Available data >>
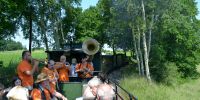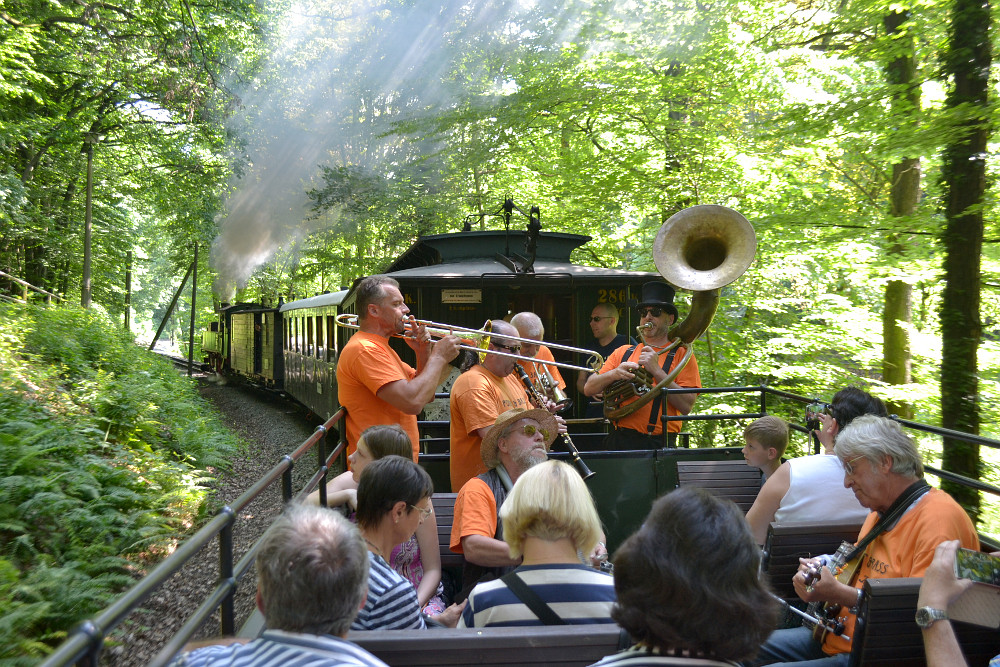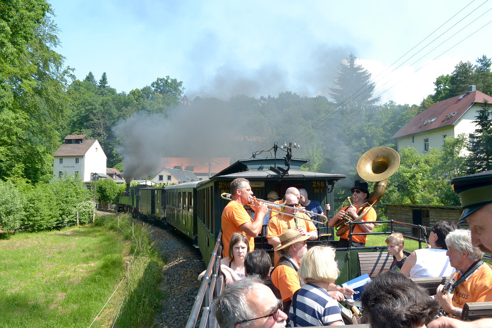 Zur Dixielandtour in den Sommer ging es mit dem Traditionszug nach Radeburg und zurück. Im Traditionszug hat die Dixie-Band Porky & Bass in den verschiedenen historischen Wagen gespielt und mit ihrer Live-Musik für eine tolle Stimmung gesorgt. Bei dem schönem Wetter befand sich auch ein Aussichtswagen im Zugverband, wo man die Zugfahrt, Klang und Geruch der Dampflokomotive und die musikalischen Klänge bei sommerlichen Temperaturen besonders gut genießen konnte. In Moritzburg und Radeburg wurde dann bei den Aufenthalten auf dem Bahnsteig musiziert und auch nach der Ankunft in Radebeul Ost wurde noch ein schöner Abschiedsreigen gespielt.
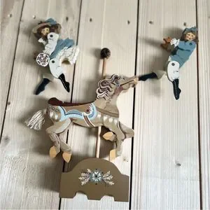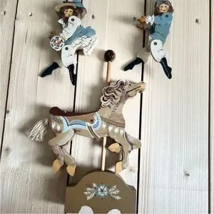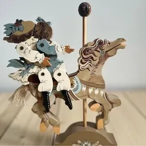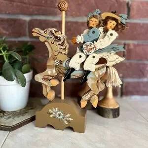 Jig Saw Puzzle Style Vintage Figurine Immerse yourself in the whimsical world of folk art with the LILLIAN RENKO BLEDOW Signed Hand-Painted and Carved Wooden Carousel Horse, adorned with two girl riders. This exquisite piece showcases meticulous craftsmanship, featuring intricate hand-painted details and carved elements that evoke a sense of nostalgia and charm. The carousel horse, signed by Lillian Renko Bledow, captures the essence of traditional folk art with its vibrant colors and playful design. Perfect as a centerpiece for your home decor or as a cherished collectible, this piece celebrates the joy and craftsmanship of carousel artistry, making it a standout addition to any art enthusiast's collection.
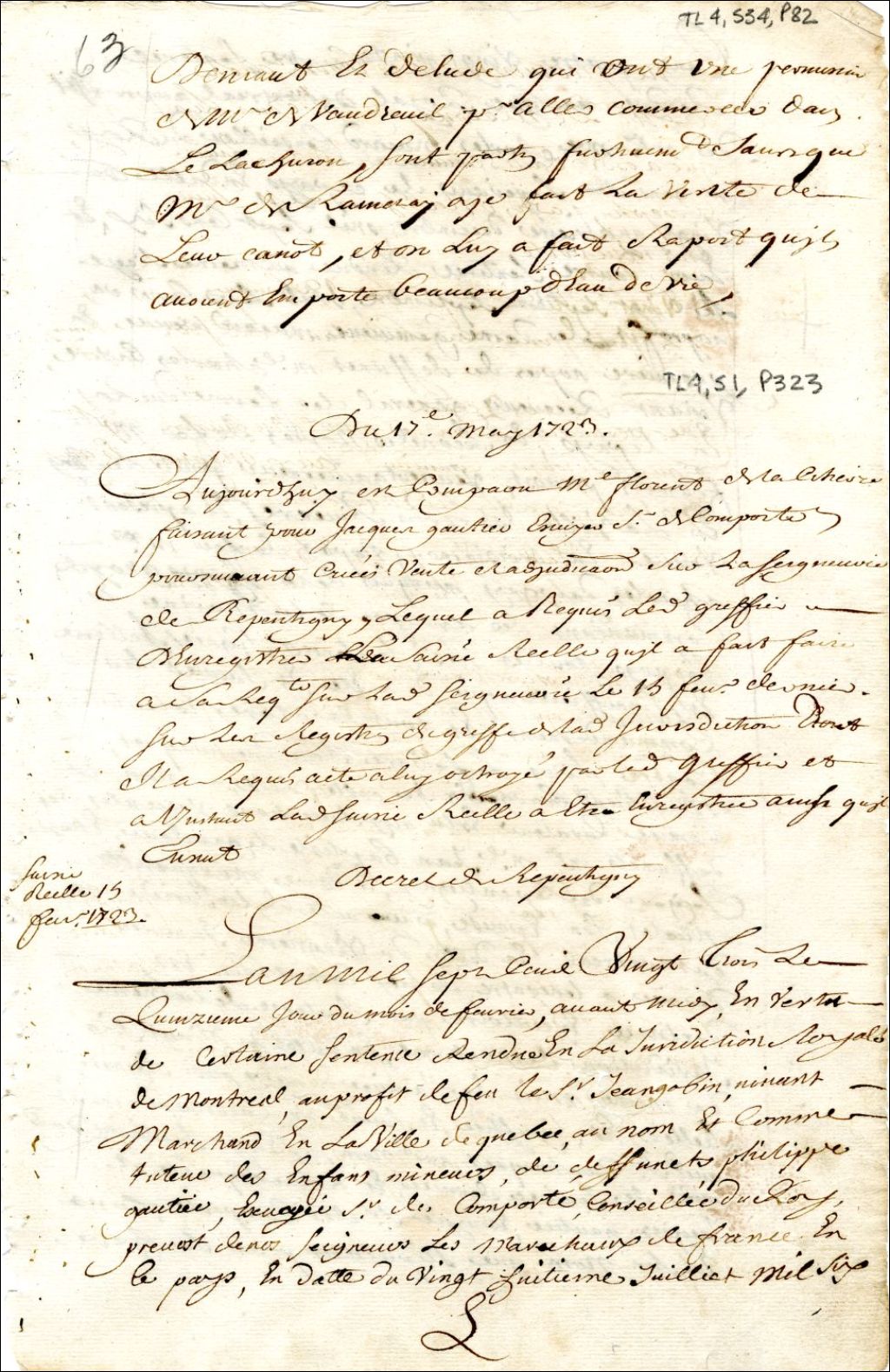 Montréal. Enregistrement d'une permission à la demande de Claude de Ramezay, gouverneur de Montréal, et accordée à Deniau et Dulude, d'un canot, pour aller commercer dans le lac Huron. Sont partis furtivement sans que M. De Ramezay puisse faire la visite de leur canot
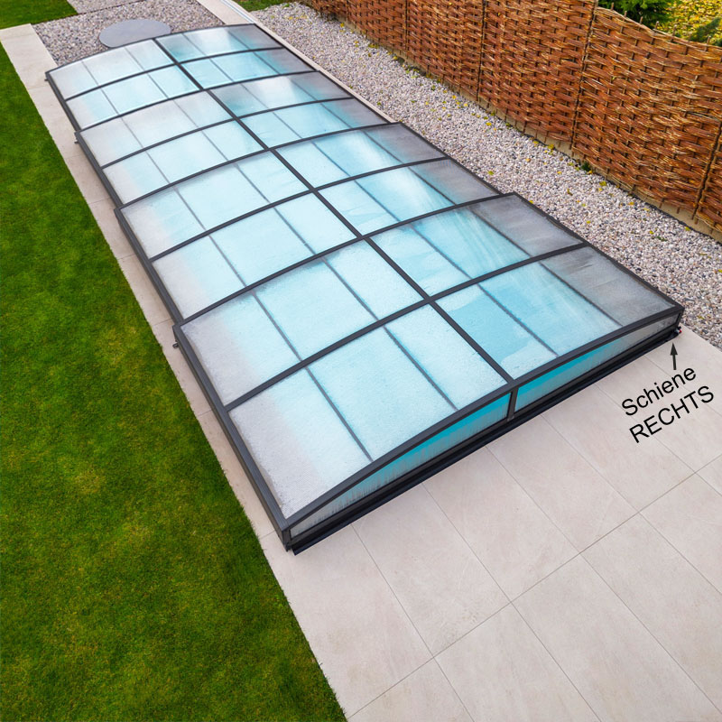 Dank einer Laufschienenverlängerung können Sie bei Bedarf die Sydney Poolüberdachung auch außerhalb der Pooloberfläche lagern. Somit steht Ihnen auch die komplette Poolfläche für eine Poolparty o.ä. zur Verfügung. Standardmäßig gibt es die Schienenverlängerung in den Längen 250, 280 und 323 cm. Bei diesem flachen Überdachungsmodell wird vom Hersteller empfohlen eine Laufschienenverlängerung mitzubestellen.

Your assignment >> Start at the line above containing "Jig Saw Puzzle" and stop at the line containing "Montréal. Enregistrement d'une": print those lines and everything between them exactly, but not the pictures.

Reply >>
 Jig Saw Puzzle Style Vintage Figurine Immerse yourself in the whimsical world of folk art with the LILLIAN RENKO BLEDOW Signed Hand-Painted and Carved Wooden Carousel Horse, adorned with two girl riders. This exquisite piece showcases meticulous craftsmanship, featuring intricate hand-painted details and carved elements that evoke a sense of nostalgia and charm. The carousel horse, signed by Lillian Renko Bledow, captures the essence of traditional folk art with its vibrant colors and playful design. Perfect as a centerpiece for your home decor or as a cherished collectible, this piece celebrates the joy and craftsmanship of carousel artistry, making it a standout addition to any art enthusiast's collection.
 Montréal. Enregistrement d'une permission à la demande de Claude de Ramezay, gouverneur de Montréal, et accordée à Deniau et Dulude, d'un canot, pour aller commercer dans le lac Huron. Sont partis furtivement sans que M. De Ramezay puisse faire la visite de leur canot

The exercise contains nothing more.